Changes in malaria treatment policies greatly influence the frequency of mutations that modulate P. falciparum susceptibility to anti-malarial drugs, including Pfmdr1 N86Y[31]. The introduction of ACT in the early 2000s and cessation of chloroquine use in the 1990s led to drastic changes in Pfmdr1 N86Y allele frequency in various malaria-endemic settings[27, 33, 34]. For instance, the frequency of Pfmdr186Y has declined dramatically, in favour of Pfmdr1 N86, in countries, where AL is used as the first−line treatment for malaria. The increase in Pfmdr1 N86 allele frequency is faster when AL is used compared to ASAQ usage [31]. In areas where ASAQ is the primary treatment for malaria, the decline of Pfmdr1 86Y allele frequency is slow owing to the reduced susceptibility of parasites carrying this mutation to amodiaquine.

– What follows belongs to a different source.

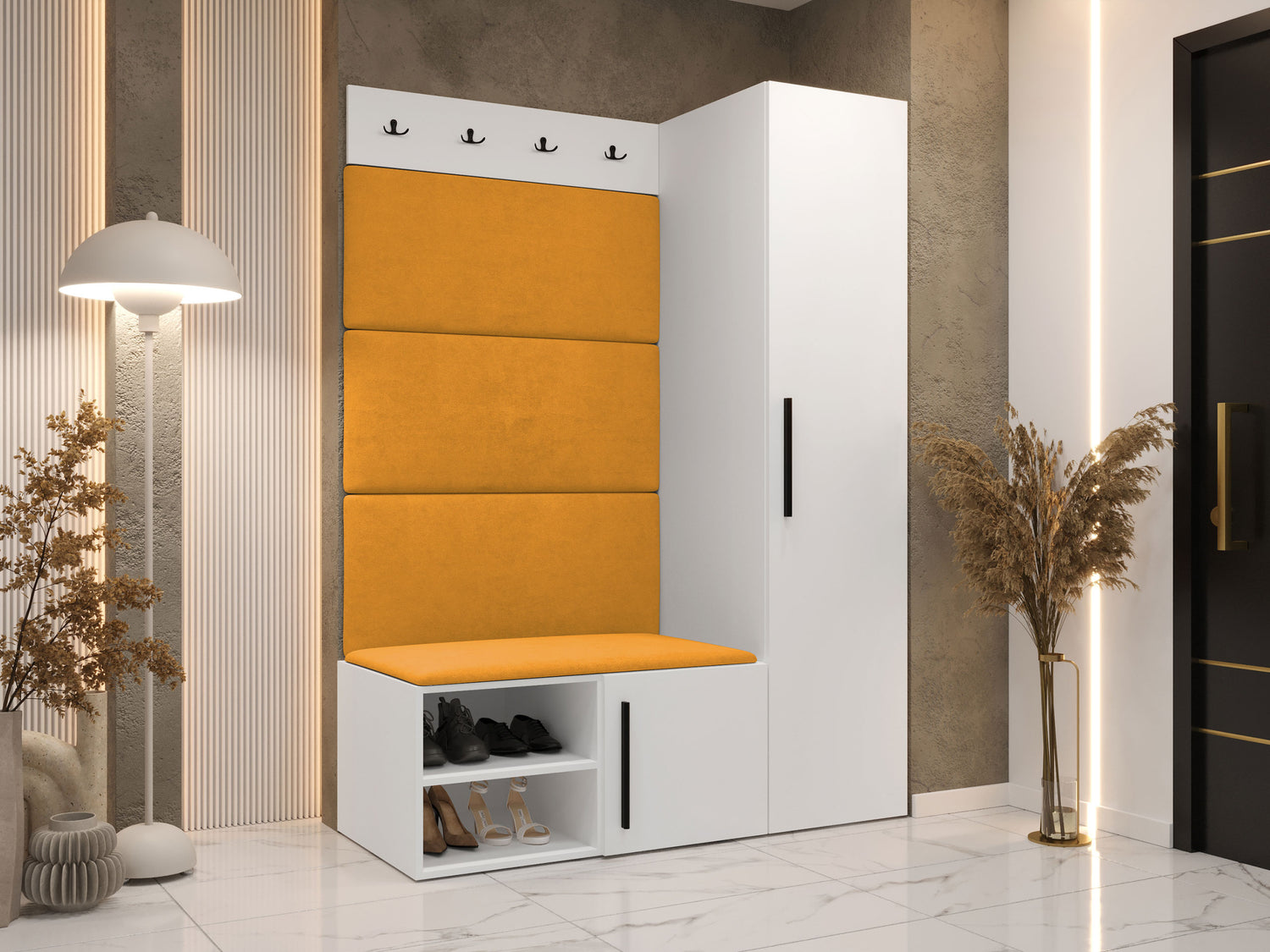 Blødt vægpanel, et elegant og funktionelt valg til dit hjem. Takket være den hævede overflade skaber panelet en unik 3D-effekt. Disse bløde paneler vil give mere hygge og komfort, og de vil desuden se ud som et dekorativt element. På grund af deres unikke egenskaber absorberer de lyd. Brug panelerne som en separat rumfunktion eller til at dække hele væggen. Panelet består af en 8 mm tyk plade, som gør det nemmere at montere på væggen. Blødheden og formen sikres af et 3 cm tykt syntetisk stof og det materiale, der dækker det. Du kan vælge et panelstof fra en bred vifte af farver, så du er sikker på at finde det, der passer bedst til din boligindretning.

Previous studies demonstrate that parasites carrying Pfmdr1 N86 tolerate higher lumefantrine levels and have short-time to reinfection or recrudescence in patients with high lumefantrine concentration following AL treatment [16, 17]. Even though there is no evidence directly linking Pfmdr1 N86 to AL treatment failure and AL is still highly efficacious, parasite tolerance to lumefantrine is a clear warning sign for plausible emergence of resistance against AL. In this context, Pfmdr1 86N can be used to track lumefantrine selective pressure in a given area [17]. The findings show that Pfmdr1N 86 allele is approaching fixation in the Republic of Congo and could provide the genetic background needed for the emergence of resistance against lumefantrine threatening AL usefulness in this setting. However, this possibility could be averted by concurrent use of AL and ASAQ as first-line treatment for uncomplicated P. falciparum malaria. Such a strategy is supported by evidence showing the opposite effect of both Pfmdr1 N86Y alleles on P. falciparum susceptibility to AL and ASAQ [18].